Daintily arranged on white lace on an old-fashioned silver tray, they were served in summer with different home-made lemonades, which regularly initiated a tedious exchange of recipes and the inevitable comparisons with so-and-so’s baking or art of entertainment. The ritual of diafeh, the code of conduct for both host and guests, prescribed a polite acceptance of the things that were offered. There was one thing I most particularly dreaded in this ceremony that announced itself by the tinkling of ice cubes against fine glasses, followed by the appearance of a reddish-brown lemonade. However much I disliked sharab tamerhindi, feigning a tummy-ache would have deprived me of the biscuits occupying a large part of the silver tray.
The exotic flavour of tamarind syrup has since become a favourite of mine!

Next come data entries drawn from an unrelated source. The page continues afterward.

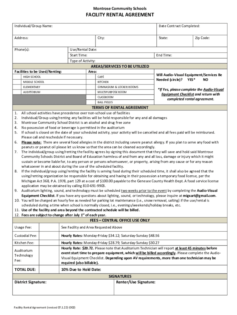 MontroseCommunitySchoolsFACILITYRENTALAGREEMENT Individual/Groupware: DateContractCompleted:Address:City:Phone(s):State:Use/Retaliate: Starting: Hyperactivity:Opcode: Entire:AREAS/SERVICESTOBEUTILIZED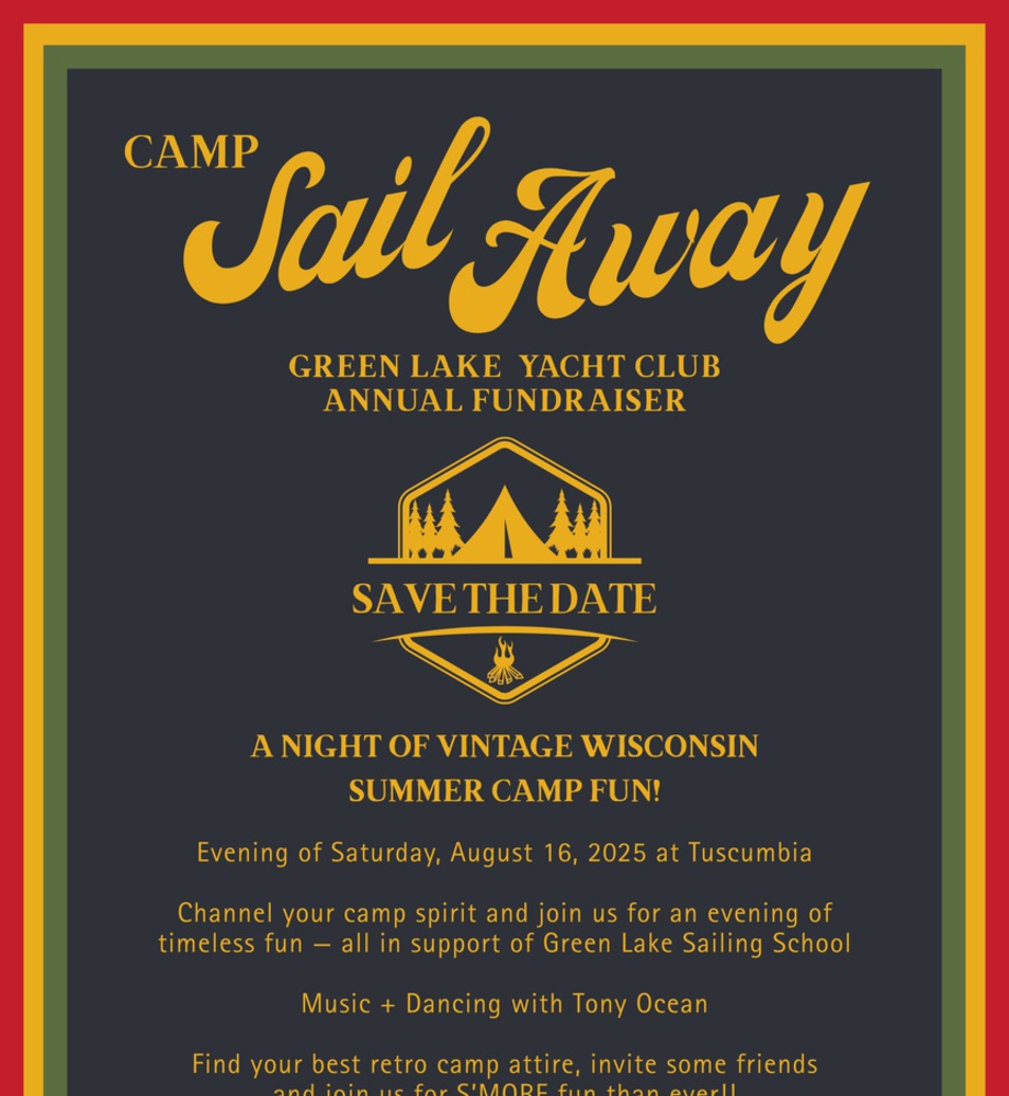 On August 16th at 6:30pm, come enjoy an evening at Camp Sailaway. All proceeds benefit the Green Lake Sailing School.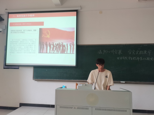 本网讯(记者 张玉蓉)电子信息工程学院学生党支部于2022年5月13日,在教学楼A1-309举行了第四十六次党课学习活动。本次党课的主题是《发扬斗争精神,逐梦伟大复兴》,主讲人是明山钧、李永春同志,学生党员同志和入党积极分子都认真听取了此次党课。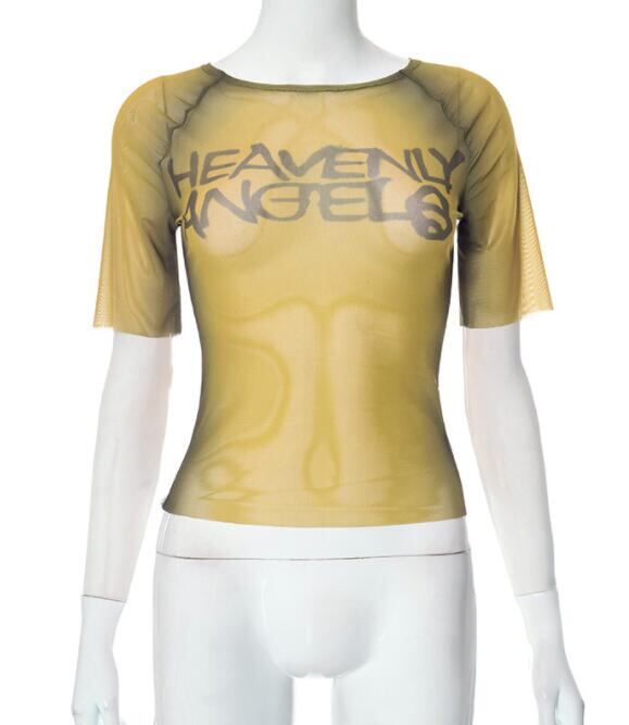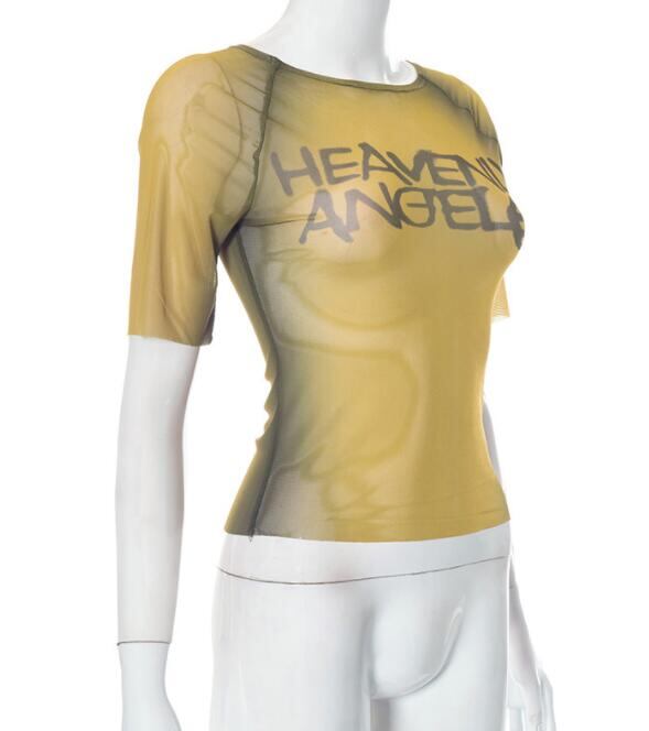 トップス レディース Tシャツ 半袖 スリム シースルー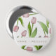 The product design features a pattern of pink tulip flowers. This botanical illustration with personalized text make a modern and unique button - Gift idea for birthday, Easter, Mother’s Day, bridal shower, wedding favors, and more!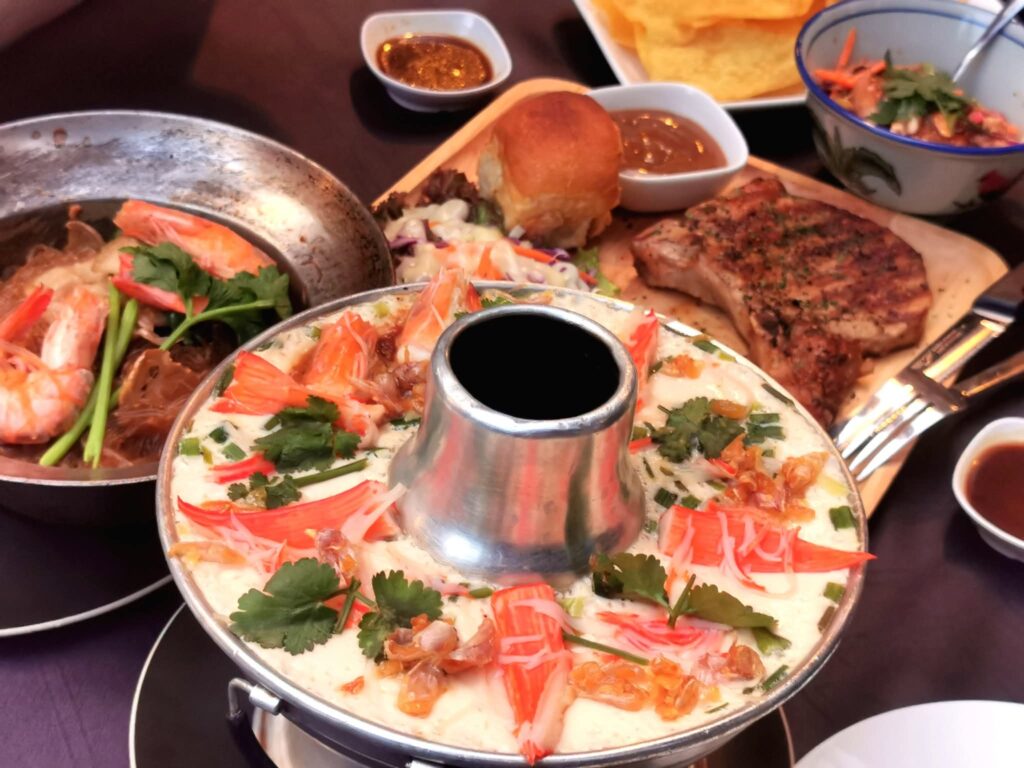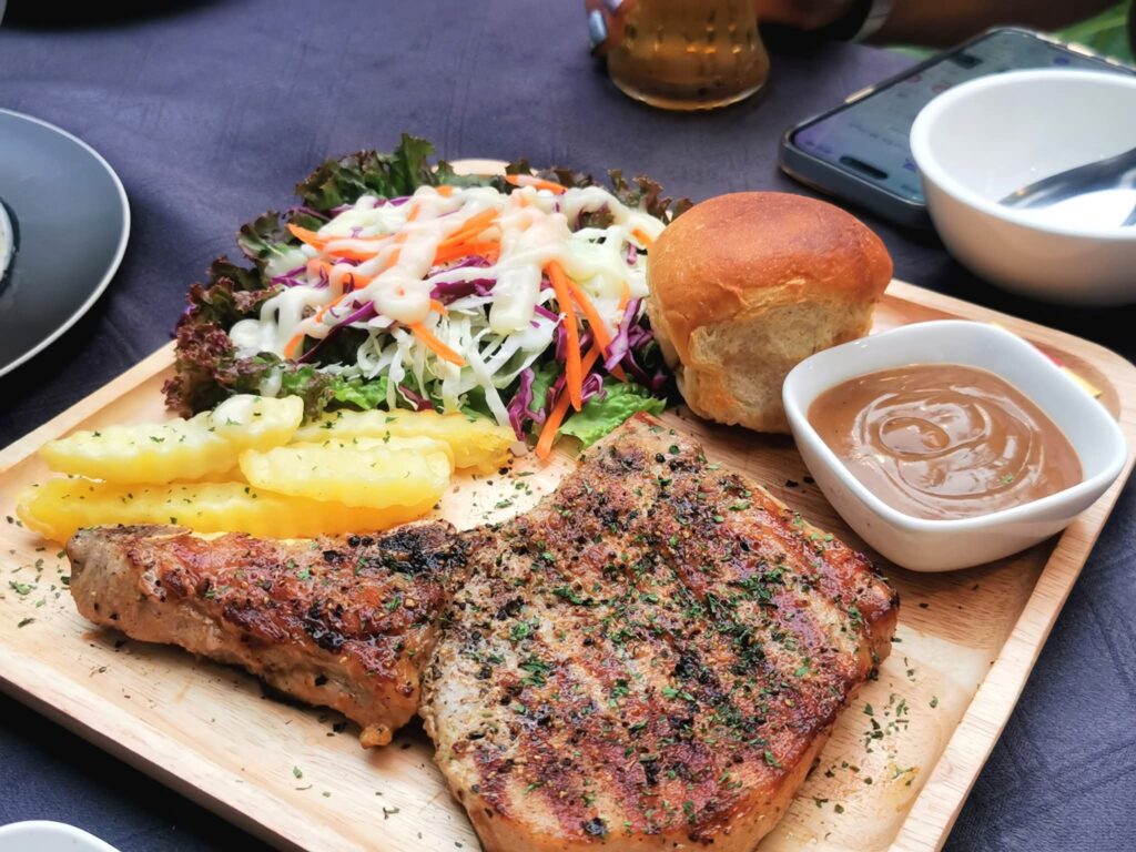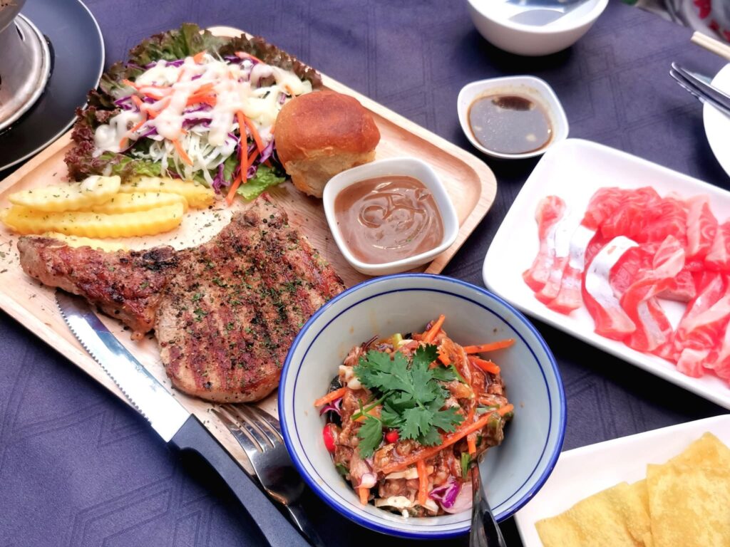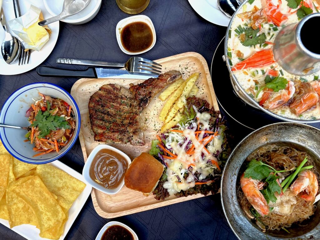 สำหรับเมนูที่อยากแนะนำบอกเลยว่าสุดยอดมากเห็นน่าตาและราคาสุดประทับใจต่างจากที่เคยสัมผัสมา คือ “เมนูเสต็ก” ร้านจัดมาอย่างสวยงามเลอค่าแบบไม่หวงเครื่องแทบไม่น่าเชื่อราคาเบาเกินหน้าตา ไม่ว่าจะเป็น สเต็กเนื้อโคขุนพรีเมี่ยม, พอร์คช็อปชิ้นโต เสิร์ฟมาบนถาดไม้จัดวางมาอย่างสวยงาม เคียงข้างด้วยผักสลัดปลอดสารที่ได้จากชุมชน แถมอร่อยจนหยุดไม่ได้ เมนูต่อไป “ไข่ตุ๋นทรงเครื่องหม้อไฟทะเล” เมนูนี้บอกเลยว่าอร่อยถูกใจมาก รสชาติกลมกล่อมละมุน เนื้อสัมผัสไข่ตุ๋นนุ่มเด้งอร่อยฟินเลย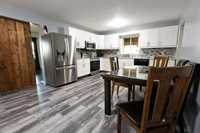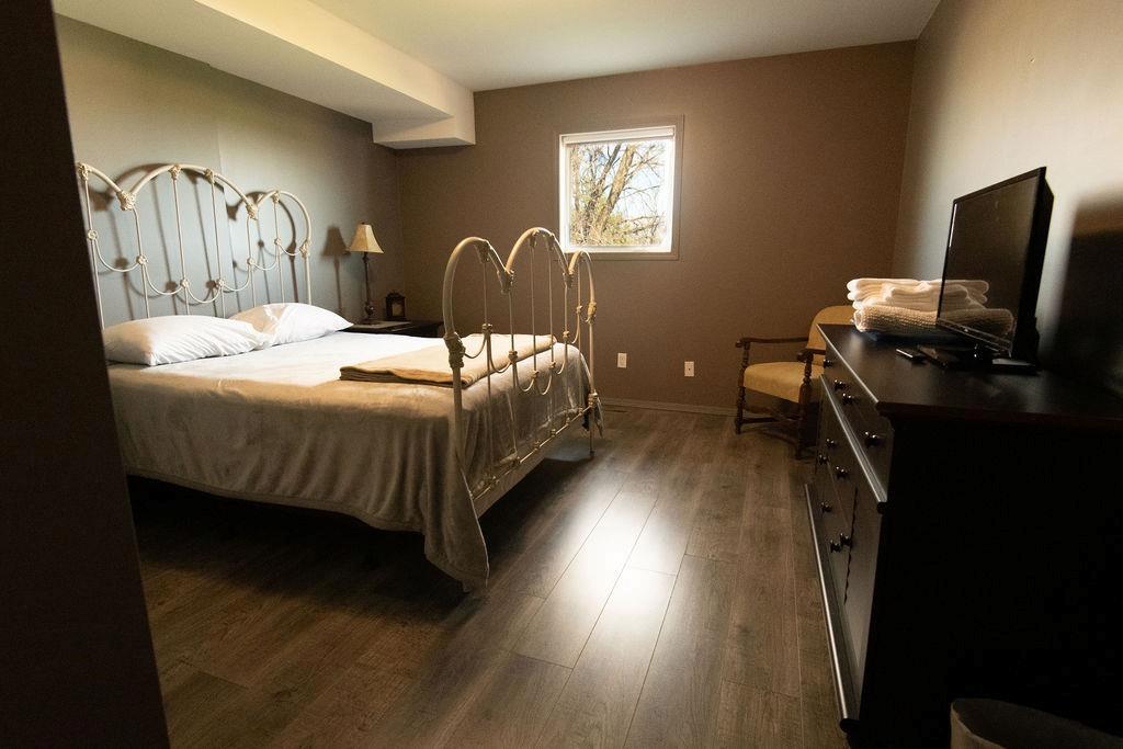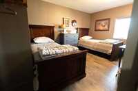 Beautiful whole-house retreat in Marchand, operating as a successful Airbnb since 2022 with a 4.97-star rating and 94 reviews. This spacious property sleeps 16+ guests with 7 bedrooms, 3 - 3pc bathrooms, 2 - 2pc bathrooms, plus huge kitchen & dining area connected to huge wrap second story decks. Fully furnished attached manager’s suite. Enjoy the games room with pool table, smart TVs, Wi-Fi, coin-op laundry, and a large fenced backyard with a fire pit. Insulated heated garage, storage outbuildings, and 65' x 30' Quonset offer exceptional space and flexibility. Perfect for corporate retreats, family gatherings, golf groups, snowmobile/ATV/SxS groups and hunting trips. A large circular driveway provides ample trailer parking. Located just minutes from the extensive Sandilands trail system. Gas station and store across the street and a vendor/bar next door. See supplements for income and expense details plus more info. 2 Titles for property.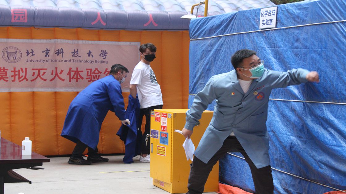 成人文学 、钢铁冶金新技术国家重点实验室及科技史与文化遗产研究院共计百余名师生观看了应急演习,并在模拟灭火体验馆学习灭火的要领,用灭火器进行实际操作扑灭电子火。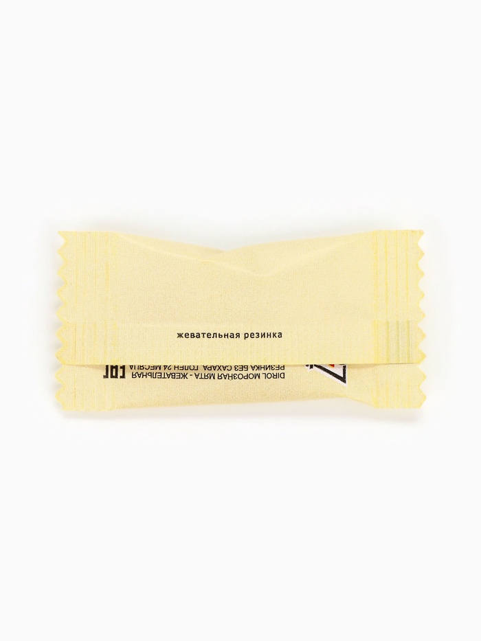 Состав: подсластители (сорбит, мальтит, мальтитный сироп, сукралоза, ацесульфам калия), резиновая основа, ароматизаторы, загуститель (Е414), влагоудерживающий агент (Е422), эмульгаторы (лецитин подсолнечный), краситель (Е171), глазирователь (Е903), антиокислитель (Е321).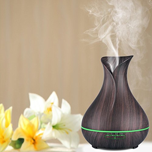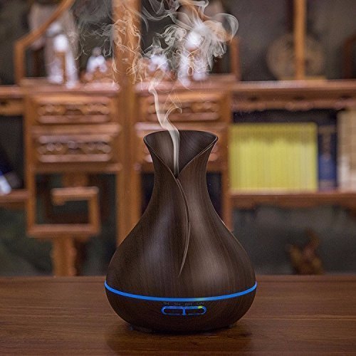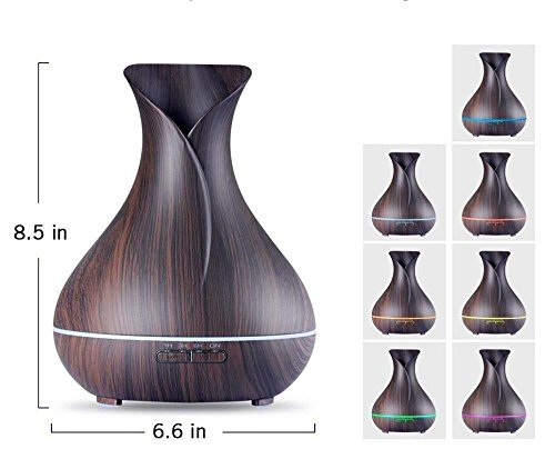 Essential Oil Diffuser - 400ml Dark Wood Grain Aromatherapy Diffuser, Humidifier - Tulip Shaped

1 kg (2 lb 4 oz) package of tamarind
4 ltrs (7 pt) of water
3 kg (6 lb 8 oz) sugar
2 tbs freshly squeezed lemon juice
Wash the tamarind then soak it in the water for at least 7 hours. Work the water with the fruit so as to obtain an almost uniform thick texture and pass it through a juice extractor. It is the best and most efficient way to obtain juice with the least effort. Then strain the liquid through a cheesecloth. Add the sugar and cook over a medium heat stirring constantly until all the sugar is dissolved. Leave it to boil, skimming any foam that forms on the surface with a slotted spoon. Once it starts thickening remove it from the heat and let it cool. Fill sterilised glass bottles and close with a cork.
This recipe makes about 6 one litre (1¾ pt) bottles. Each bottle makes about 15 servings.
Nothing more delectable than this drink on a cool summer afternoon!
She offered me a chair by the kitchen table and disappeared through the service door that led to the garden patch and came back with six lemons and a small bunch of mint leaves. As she squeezed them and stirred the juice with sugar and water in a pitcher, I found myself trying to recollect when last I had had fresh lemonade. She carefully washed a few mint leaves and put them in the pitcher, and from a small bottle that was sitting on a shelf she added two drops of a sweet transparent liquid. She then sat across from me and remained silent. Before she finally took a sip from her drink she pointed to mine as a form of invitation, and I had a spurt of the essential quality of what the earth can offer. It was the two drops of essence of orange blossom that made all the difference.
Christiane Dabdoub Nasser, Leyla
The juice of 3 lemons (200 ml/7 fl oz)
45 g (2 oz) sugar
700 ml (24.5 fl oz) water
1 tsp essence of orange blossom
A few sprigs of tender fresh mint leaves
Thin slices of lemon
Squeeze the lemons and stir in the sugar. Add the water and keep on stirring, making sure that all the sugar has dissolved. Add the mint leaves, essence and a few slices of lemon and refrigerate for an hour or so before serving.